• _Exercise details_
The answer must be an exact copy of the lines from the one with "- 活泼风模板色彩明快、排版" through the final line below, with no pictures and nothing else.

• _Data in this exercise_

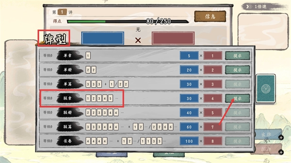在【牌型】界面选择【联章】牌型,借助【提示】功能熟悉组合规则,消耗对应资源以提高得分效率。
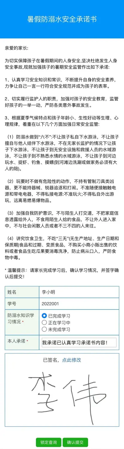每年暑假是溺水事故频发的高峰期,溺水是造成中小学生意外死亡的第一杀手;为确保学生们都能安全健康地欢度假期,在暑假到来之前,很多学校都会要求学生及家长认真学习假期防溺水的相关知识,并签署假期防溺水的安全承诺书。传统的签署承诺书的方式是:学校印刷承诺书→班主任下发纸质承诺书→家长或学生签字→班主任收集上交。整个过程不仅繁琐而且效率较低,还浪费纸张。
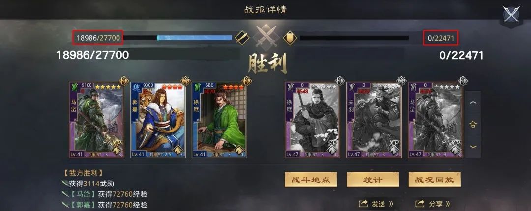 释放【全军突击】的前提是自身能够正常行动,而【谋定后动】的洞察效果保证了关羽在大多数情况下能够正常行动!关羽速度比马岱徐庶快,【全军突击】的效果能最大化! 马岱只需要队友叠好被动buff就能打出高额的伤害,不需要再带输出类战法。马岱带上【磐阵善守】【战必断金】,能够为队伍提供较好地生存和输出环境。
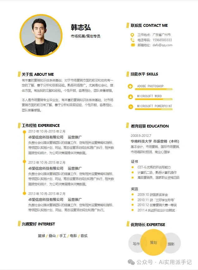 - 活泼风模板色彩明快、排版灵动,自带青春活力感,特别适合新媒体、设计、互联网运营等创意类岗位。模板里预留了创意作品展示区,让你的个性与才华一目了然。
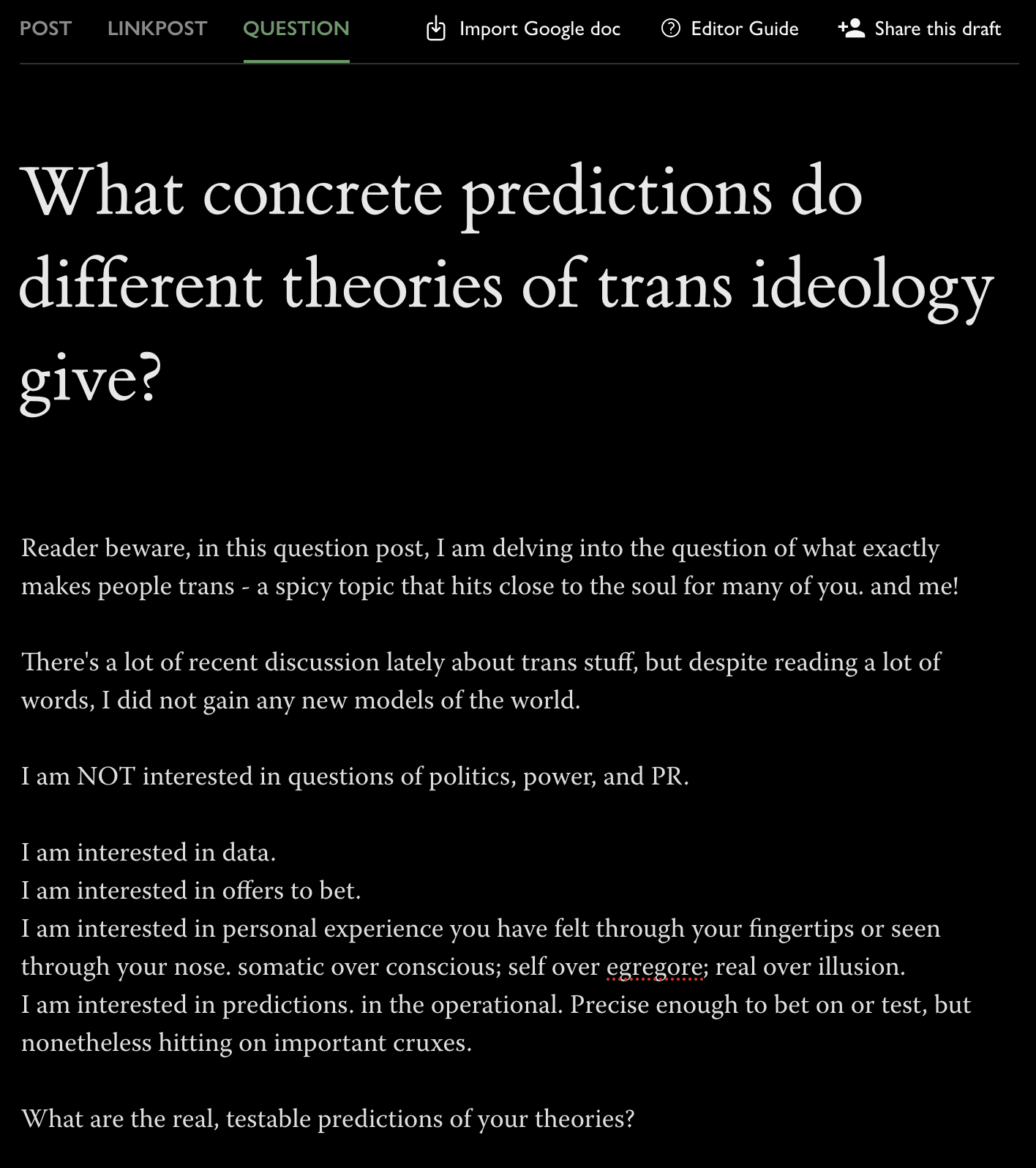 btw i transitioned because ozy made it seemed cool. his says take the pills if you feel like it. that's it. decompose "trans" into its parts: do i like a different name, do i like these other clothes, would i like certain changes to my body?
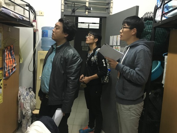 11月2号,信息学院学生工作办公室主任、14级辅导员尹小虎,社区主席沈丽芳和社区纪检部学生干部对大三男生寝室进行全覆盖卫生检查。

• _Solution to the exercise_
 - 活泼风模板色彩明快、排版灵动,自带青春活力感,特别适合新媒体、设计、互联网运营等创意类岗位。模板里预留了创意作品展示区,让你的个性与才华一目了然。
 btw i transitioned because ozy made it seemed cool. his says take the pills if you feel like it. that's it. decompose "trans" into its parts: do i like a different name, do i like these other clothes, would i like certain changes to my body?
 11月2号,信息学院学生工作办公室主任、14级辅导员尹小虎,社区主席沈丽芳和社区纪检部学生干部对大三男生寝室进行全覆盖卫生检查。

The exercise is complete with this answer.